# Zero-point volume singularities

1. Jul 19, 2004

### taylordnz

i have found no solid proof of black holes having zero point volume and is widly accepted but ive found no proof?

could someone give me some?

2. Jul 21, 2004

### mathman

There is no proof. General Relativity leads to this conclusion. On the other hand quantum theory says no. When trying to do both at once, the results are nonsensical. In other words, physicists do not really know what goes on inside a black hole.

3. Jul 22, 2004

### Chronos

The real universe has no respect for the 'laws' we attempt to impose upon it. Mathematical singularities are just that.. mathematical. Their physical counterparts do not exist. All objects in the physical universe have finite properties, even black holes. QLG will eventually provide the answer, imo. For now, I prefer the planck density limit to explain black hole volume [very tiny, yet finite].

4. Jul 27, 2004

### Goblin

Interesting discussion. I was doing a search on the Stephen Hawkings recent change on black hole theory and found this thread.

Its been awhile since I have read up on black holes. Can someone help get me up to speed.

The thought use to be that nothing escapes from the event horizon of a black hole. Anything that escaped would be considered information although not organized information. I assume they are not implying that the same information or matter that goes in has to be the same form of information comming out. The term "information" means anything, particles, electrons etc.

So now they are using the unceratainty principle to show that it is possible for something to escape the event horizon even if it is less than protons width outside of the event horizon?

I guess I don't understand what the criteria is. How far outside of the event horizon must the information travel?

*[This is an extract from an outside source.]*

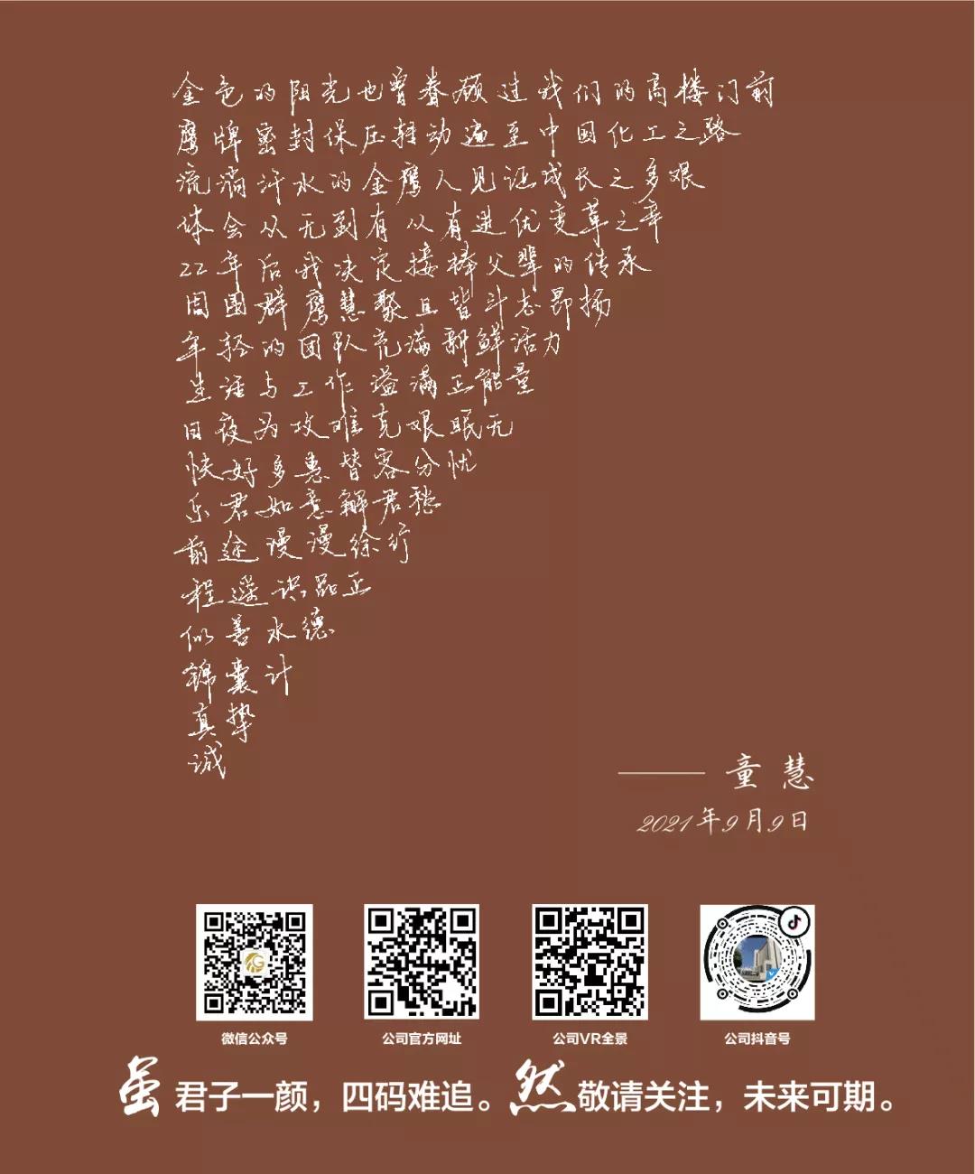沖鋒的號(hào)角再次吹響,我們又一次出發(fā)向前。未來,我們要立足長遠(yuǎn),把握當(dāng)前,堅(jiān)定信心,我們將以“有幸金鷹、無悔金鷹”的情懷,以“功成必定有我”的使命擔(dān)當(dāng),只爭朝夕,不負(fù)韶華,共同續(xù)寫金鷹下一個(gè)二十年的理想與榮光!

I always thought of a black hole not as a singularity but a sphere of great density, basically a bunch of protons. electrons with zero space between them. The sphere would still have a radius vs a infinetly small point. But take the math to the limits and presto you get singularities in theory.

Are they saying black holes are a large dense ball of matter that has quantum fluctuations at the surface and by the uncertainty priciple an occassional electron or some form of information escapes for a brief moment over a very short distance? Or are they saying it can propagate through space away from the black hole?

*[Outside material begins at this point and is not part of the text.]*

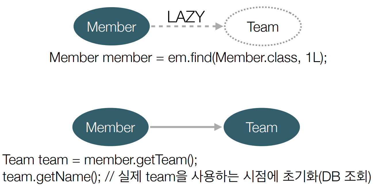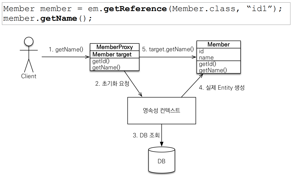 - em.getReference() : 데이터베이스 조회를 미루는 가짜 엔티티 객체 조회

Another question: When mathmatics predicts singularities are they tossing aside the real possibliltiy that there might be a finite amount of compression obtainable. Meaning no matter how large the force you can't compress particles any closer together, thus the size of the black holes physical surface just gets larger and in turn the event horizons diameter increases vs a singluarity with a increasing event horizon diameter as more and more matter gets sucked in.

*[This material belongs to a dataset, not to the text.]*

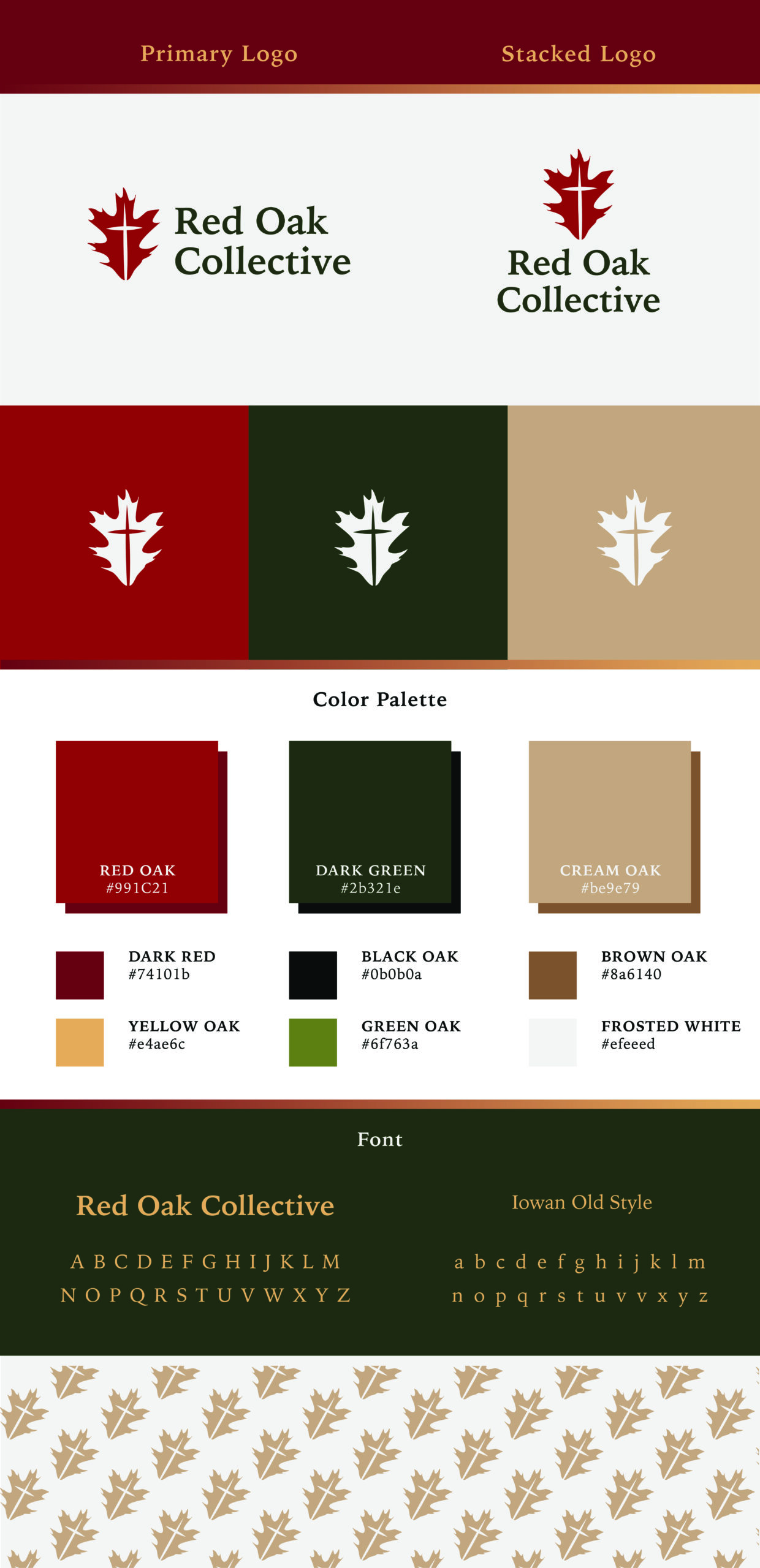 The final logo combines a red oak leaf with a cross inside to represent its stem, representing growth and Christianity.

Thanks for any information you can lend.

5. Jul 28, 2004

### LURCH

We have often discussed in these forums whether or not singularities can really be formed. I have always maintained that they cannot because of time dilation. The final moment of collapse, in which the central mass of the black hole goes from some very small size to no size at all, should take an infinite amount of time, and therefore never actually be completed.